Fox News’ attorneys, however, contend that their hosts “repeatedly informed viewers that Smartmatic denied the allegations, pressed Giuliani and Powell to substantiate them, and aired skeptical coverage of them,” even if they were not “real-time counter interviews.”

In its lawsuit, Smartmatic zeroed in on some specific instances, including a Sunday Morning Futures program on November 15 in which Bartiromo interviewed Giuliani and she said, “One source says that the key point to understand is that the Smartmatic system has a backdoor that allows it to be [ ] or that allows the votes to be mirrored and monitored, allowing an intervening party a real-time understanding of how many votes will be needed to gain an electoral advantage.” She showed a graphic, explaining that it was “showing the states where they stopped counting, which I thought was also strange to stop counting in the middle of election night.”

In its reply, Fox News’ lawyers say that Bartiromo’s comment was an “accurate summary of allegations being made by the president and his legal team in connection with the president’s announcement of election-fraud investigations and litigation.”

“To the extent Bartiromo linked Smartmatic and Dominion in her voice-over of the Dominion graphic, she simply misspoke, later clarifying that the graphic referred only to Dominion voting machines,” the Fox News attorneys wrote.

Dobbs’ show was dropped by Fox Business and had its last show on February 5, the day after the Smartmatic lawsuit was filed.
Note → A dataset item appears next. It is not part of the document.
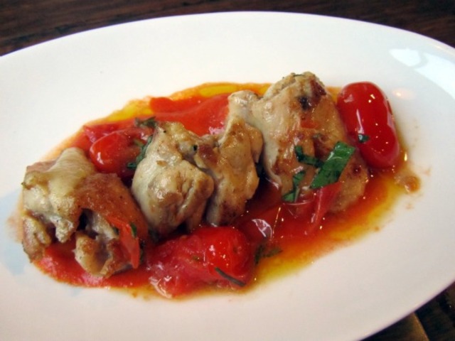 Also coming out of the oven are a worthwhile series of wood-fired small plates. If there’s one dish that no Top Chef-whore will do without upon a visit to Graffiato, it’s the chicken thighs with pepperoni sauce. Judge Gail Simmons raved orgasmically during the Top Chef-All Stars finale about Isabella’s creation and the erotic connotations that come with it. (Think: “Oh Mike, I want more of your pepperoni sauce.”) Paired with braised pork on the show, Isabella has decided that chicken actually works best with his pepperoni sauce. Unfortunately, the meat isn’t so much sauced as it is sitting on top of the sauce and doesn’t hold the sauce well. So it’s hard to truly get them together in one forkful, and you’ll be left with sauce on the plate. If you’re out of bread, you can shoo away the bussers trying to grab your empty plates and finish the rest with your finger like I did. The intense flavor, truly the essence of pepperoni, is worth its hype.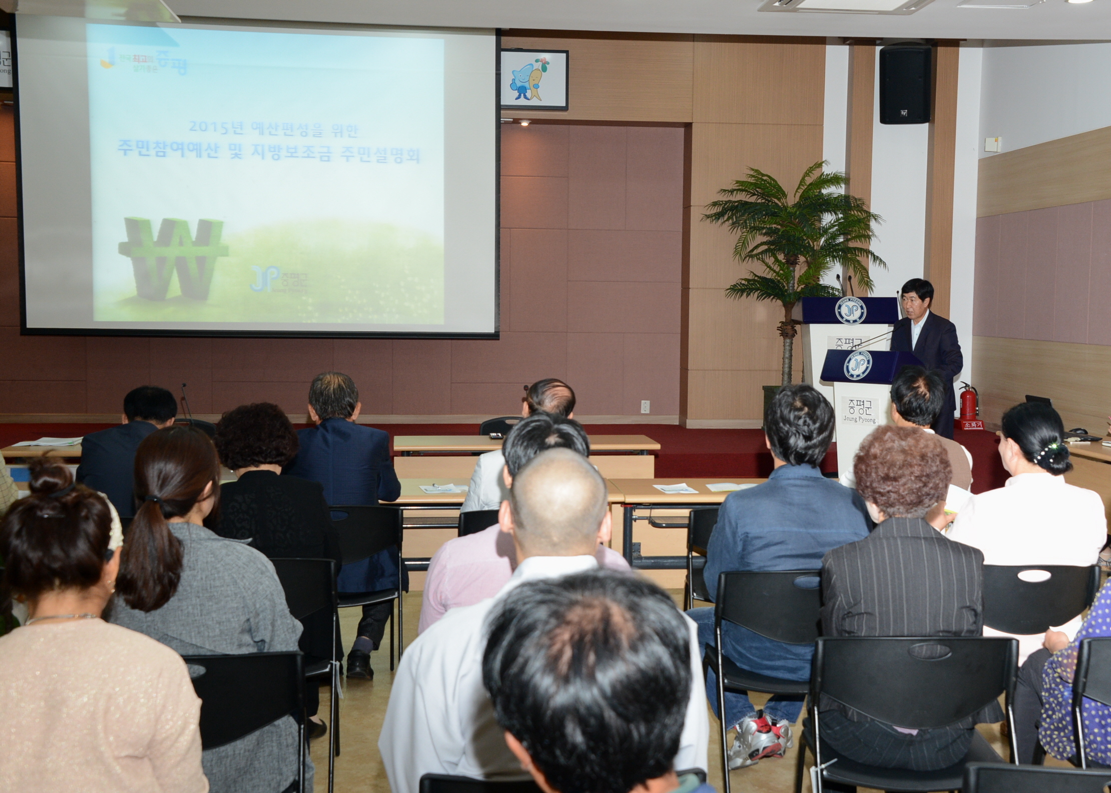증평군은 29일 오후3시 군청 대회의실에서 주민 100여명 참석한 가운데 2015년도 예산 편성을 위한 주민참여예산과 달라지는 지방보조금제도에 대한 주민 설명회를 개최했다. [보도자료실 참조]

Among other things, the Fox News attorneys defended one of his tweets, sent on November 14, in which he wrote, “Read all about Dominion and Smartmatic voting companies and you’ll soon understand how pervasive this Democrat electoral fraud is, and why there’s no way in the world the 2020 Presidential election was either free or fair.”

The Fox News lawyers said that the statement was one of “opinion, as indicated by hyperbolic political rhetoric, loose language, and Twitter medium.”

The network’s brief also contended that Smartmatic was engaging in a “fanciful theory” by claiming that its hosts aligned with Powell and Giuliani “to manufacture the allegations to ‘defame and disparage Smartmatic.'”

“Its complaint simply describes Fox programs, then tacks on conclusory allegations that the Fox hosts were ‘conspir[ing]’ with their guests, purporting to ‘discern’ that conclusion from the facts that hosts engaged in the common courtesy of ‘thank[ing]’ their guests and sometimes invited them back,” the brief stated.

Fox News also argued that Smartmatic has not shown “actual malice,” a legal threshold that public figures must show for a successful defamation claim.

“Its allegations largely boil down to accusations of mere ‘failure to investigate,’ a theory squarely foreclosed by Supreme Court precedent,” the Fox News attorneys said.

Fox News also is seeking dismissal based on New York’s anti-SLAPP law.

Smartmatic, however, claimed that it was not a public figure for the purposes of libel law.